Publié le 6 Sep 2021 - 21:47
CHRONIQUE DE PHILIPPE D’ALMEIDA

Condé est tombé

 

Comme dans une ultime crânerie, Alpha Condé, chemise froissée ouverte sur la poitrine, parait poser pour les photographes qui prennent les premières images de sa chute : le coude droit posé sur l'accoudoir d'un canapé, le poing collé à la joue, la jambe gauche ramenée contre lui et le pied sur le siège du canapé, l'ex-président se fait taiseux face aux premières questions qu'on lui pose et qui viennent de ses tombeurs. Il donne l'impression d'avoir été brutalement confronté à l'accélération des événements et de se donner le temps de les digérer. Des tirs nourris d'armes automatiques ont abrégé sa grâce matinée dominicale. De quoi le rendre vaseux...

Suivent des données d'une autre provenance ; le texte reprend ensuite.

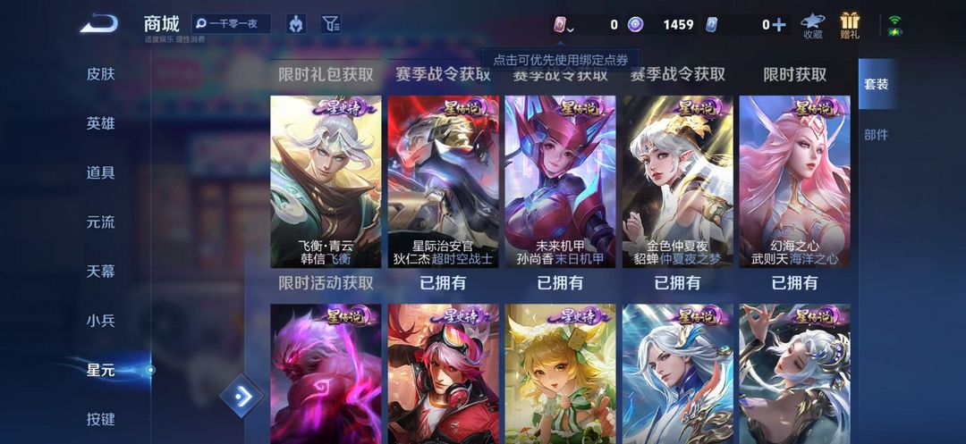 历史⑤金标 公孙离无双 貂蝉珍品 瑶安吉拉已补 瑶妹典藏 粉小兵皮 八无双多水百传 萌妹专属

 Le Groupement des forces spéciales, avec à sa tête Mamady Doumbouya, ancien légionnaire de l'armée française, a renversé son pouvoir au bout de quelques heures de combat. La danse du scalp pouvait commencer...

Le scalp d'un homme déraisonnablement accroché au pouvoir, après l'avoir démocratiquement conquis en 2010 et avoir brisé tous les rêves démocratiques qu'il avait pu faire miroiter à son peuple, après des décennies de tyrannies successives dont la plus sinistre fut celle de Sékou Touré. Dictature originelle d'un Etat permanent de totalitarisme et de souffrances qu'Alpha Condé avait sacerdoce et mandat d'arrêter.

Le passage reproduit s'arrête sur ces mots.